2. Strafsenat · ECLI:DE:OLGBB:2022:1208.2WS160.22.00

Tenor§

Gegen den Angeschuldigten wird die Fortdauer der Untersuchungshaft angeordnet.

Die Haftkontrolle wird für die Dauer von drei Monaten dem Landgericht Frankfurt (Oder) übertragen.

Gründe§

I.

Der Angeschuldigte befindet sich nach seiner vorläufigen Festnahme am 21. Juni 2022 aufgrund des Haftbefehls des Amtsgerichts Senftenberg vom 22. Juli 2022 (5 Gs 37/22) seit diesem Tag in Untersuchungshaft.

Ihm wird gemäß dem Haftbefehl vorgeworfen, in R… bei B… am … 2022 einen Menschen aus Habgier, heimtückisch sowie um eine andere Straftat zu ermöglichen und zu verdecken, getötet und hierdurch zugleich mit Gewalt gegen eine Person fremde bewegliche Sachen einem anderen in Zueignungsabsicht weggenommen zu haben, wobei er bei der Tat vorsätzlich den Tod eines anderen verursacht haben soll (§§ 211, 249 Abs. 1, 251 StGB).

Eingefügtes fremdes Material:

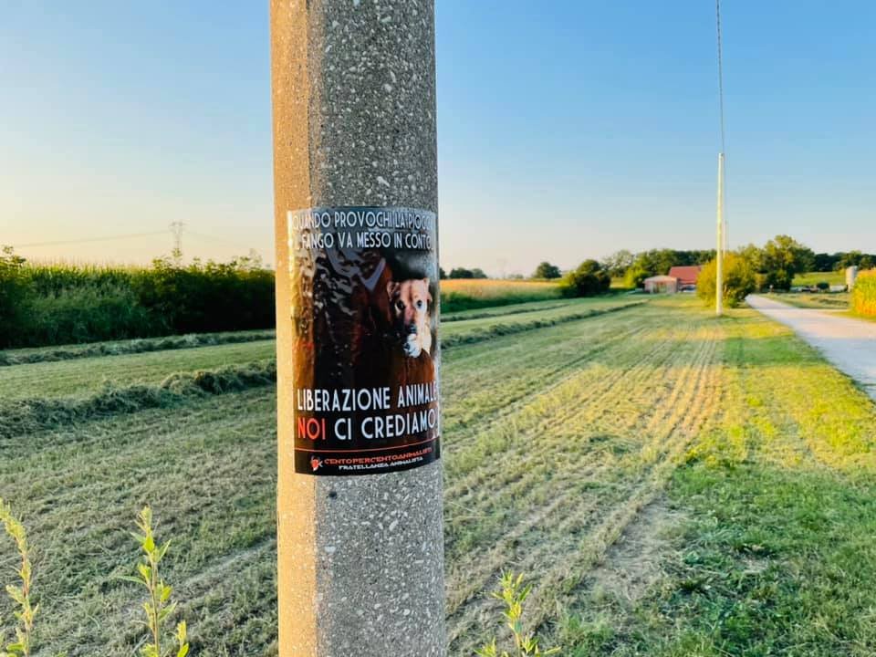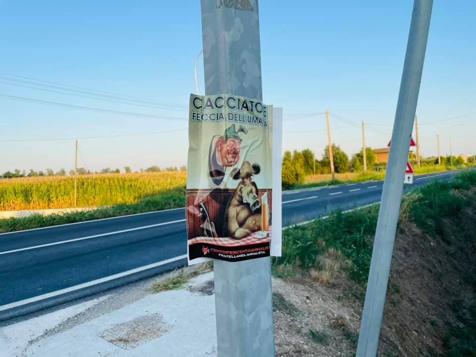 Militanti di Centopercentoanimalisti, alle 19.30 di mercoledì 11 agosto, si sono recati presso l’abitazione / allevamento del sospettato a Ronco all’Adige (Verona) ed hanno affisso manifesti provocatori in zona contro la caccia e di monito, oltre che ad urlare contro il cacciatore alcune parole invitandolo ad uscire di casa. Ma il soggetto ha declinato l’invito e non si è fatto vedere.

Der Angeschuldigte soll geplant haben, den ihm bekannten D… F… zu töten, um von ihm Bargeld sowie ein Mobiltelefon erbeuten zu können. Zu diesem Zweck soll er ihm wahrheitswidrig ein Treffen mit einem Waffenhändler vorgespiegelt haben, ihn hierfür gegen XX:30 Uhr mit seinem Pkw an dessen Wohnort abgeholt und ihn sodann in ein Waldstück unweit der Autobahnbrücke an der … Straße gefahren haben. Dort soll er seinem nichts ahnenden Opfer unter bewusster Ausnutzung von auf Arglosigkeit beruhender Wehrlosigkeit gegen XX:40 Uhr viermal mit einer Schusswaffe Kaliber 22 aus kurzer Distanz von hinten in den Kopf geschossen und anschließend wie geplant Mobiltelefon und Bargeld im Wert von mindestens 5.000 € an sich genommen und anschließend den Tatort verlassen haben.

Die Staatsanwaltschaft Frankfurt (Oder) hat gegen den Angeschuldigten unter dem 11. Oktober 2022 Anklage zum Landgericht Frankfurt (Oder) - Schwurgericht - erhoben. Wegen der weiteren Einzelheiten wird auf den Haftbefehl des Amtsgerichts Strausberg vom 22. Juni 2022 und die Anklageschrift Bezug genommen.

Das Landgericht hat durch Beschluss vom 7. November 2022 die Fortdauer der Untersuchungshaft für erforderlich gehalten und die Akten über die Staatsanwaltschaft dem Senat zur Entscheidung nach § 121 f. StPO vorgelegt.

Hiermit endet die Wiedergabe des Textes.